▶ Extracted records:
⁂
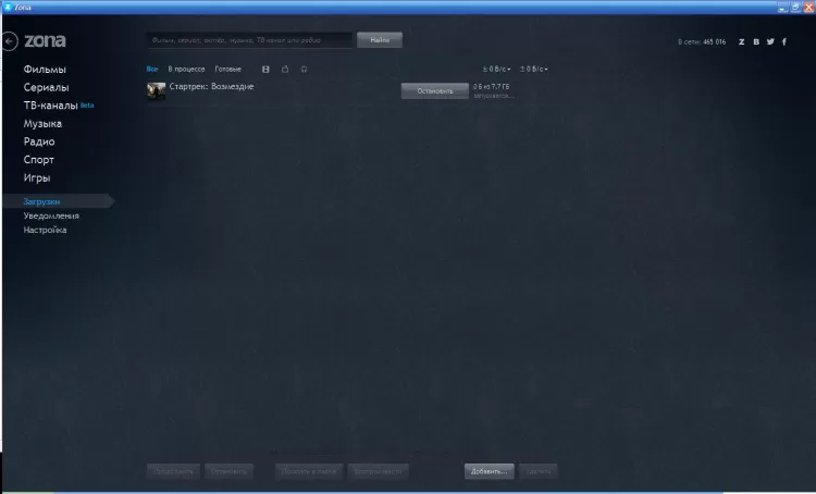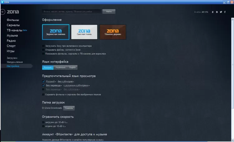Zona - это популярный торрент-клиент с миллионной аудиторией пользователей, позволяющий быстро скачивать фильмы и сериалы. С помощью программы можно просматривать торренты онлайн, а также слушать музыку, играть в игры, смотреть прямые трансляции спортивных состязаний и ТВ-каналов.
⁂
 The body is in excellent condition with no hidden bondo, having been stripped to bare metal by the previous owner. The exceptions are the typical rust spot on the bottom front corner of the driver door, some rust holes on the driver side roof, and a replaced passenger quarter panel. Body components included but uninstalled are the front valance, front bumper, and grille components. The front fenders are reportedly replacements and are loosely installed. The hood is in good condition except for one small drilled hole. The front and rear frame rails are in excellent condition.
⁂
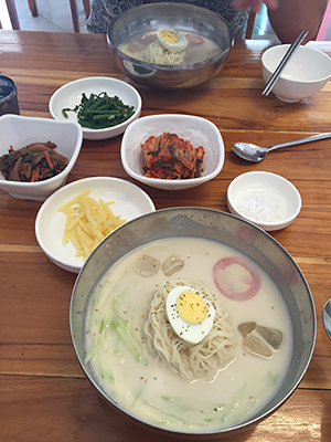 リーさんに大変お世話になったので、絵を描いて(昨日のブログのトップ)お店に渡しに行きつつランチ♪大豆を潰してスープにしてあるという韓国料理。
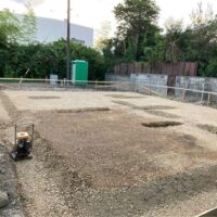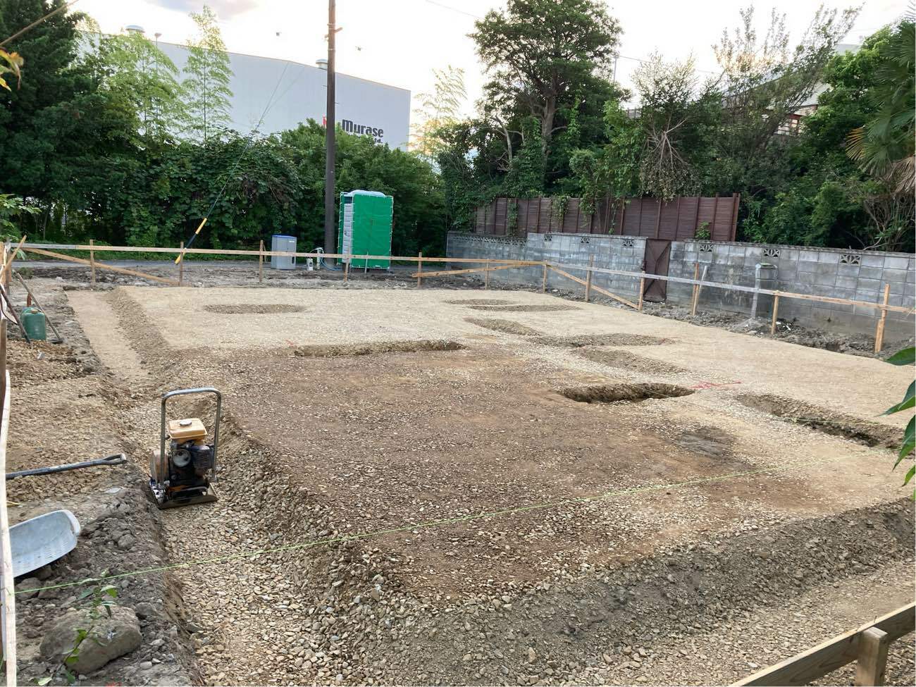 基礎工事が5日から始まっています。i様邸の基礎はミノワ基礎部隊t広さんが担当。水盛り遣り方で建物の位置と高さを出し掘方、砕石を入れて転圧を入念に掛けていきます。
⁂
▶ Directions for this task: Above are records; write out the lines from the one with "リーさんに大変お世話になった" down to the one with "基礎工事が5日から始まってい", exactly, leaving the pictures out.

▶ Task output:
 リーさんに大変お世話になったので、絵を描いて(昨日のブログのトップ)お店に渡しに行きつつランチ♪大豆を潰してスープにしてあるという韓国料理。
 基礎工事が5日から始まっています。i様邸の基礎はミノワ基礎部隊t広さんが担当。水盛り遣り方で建物の位置と高さを出し掘方、砕石を入れて転圧を入念に掛けていきます。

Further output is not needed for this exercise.